=== EXERCISE DIRECTIONS ===
Find the line containing "嗯,床上怎麼有衣架? 主人近看「超強偽裝術」笑噴:是間諜貓!" in the listing below; reproduce it and every line after, exactly. Skip pictures.

=== INPUT DATA ===
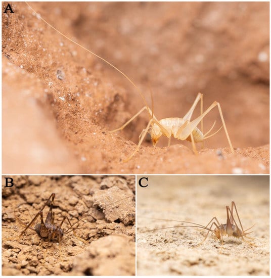 - Gorochov, A.V.; Rampini, M.; Di Russo, C. New species of the genus Diestrammena (Orthoptera: Rhaphidophoridae: Aemodogryllinae) from caves of China. Russ. Entomol. J. 2006, 15, 355–360. [Google Scholar]
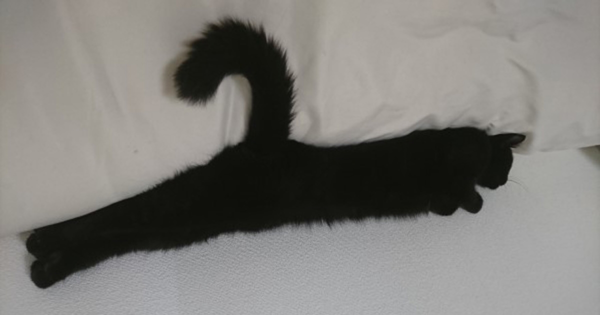 嗯,床上怎麼有衣架? 主人近看「超強偽裝術」笑噴:是間諜貓!
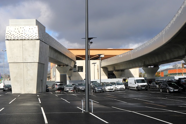 | Commentaire photo : Entre le viaduc terminus de la ligne B à gauche et celui de la ligne C à droite, on note quelques petites différences structurelles, par exemple le léger galbe des voussoirs du tablier s'élançant vers Labège_Gare. C'est que les deux ouvrages ont été construits par deux entreprises distinctes (Demathieu Bard et Bouygues respectivement). | |
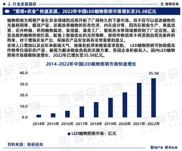 全球人口增加以及近年来极端天气、地缘危机带来粮食需求危机, LED植物照明可协助提高作物单位面积的产量,被视为解决粮食危机的关键方案,各国企业积极投入。国内LED植物照明市场规模快速增长,2022年已增长至35.58亿元。

=== ANSWER SECTION ===
 嗯,床上怎麼有衣架? 主人近看「超強偽裝術」笑噴:是間諜貓!
 | Commentaire photo : Entre le viaduc terminus de la ligne B à gauche et celui de la ligne C à droite, on note quelques petites différences structurelles, par exemple le léger galbe des voussoirs du tablier s'élançant vers Labège_Gare. C'est que les deux ouvrages ont été construits par deux entreprises distinctes (Demathieu Bard et Bouygues respectivement). | |
 全球人口增加以及近年来极端天气、地缘危机带来粮食需求危机, LED植物照明可协助提高作物单位面积的产量,被视为解决粮食危机的关键方案,各国企业积极投入。国内LED植物照明市场规模快速增长,2022年已增长至35.58亿元。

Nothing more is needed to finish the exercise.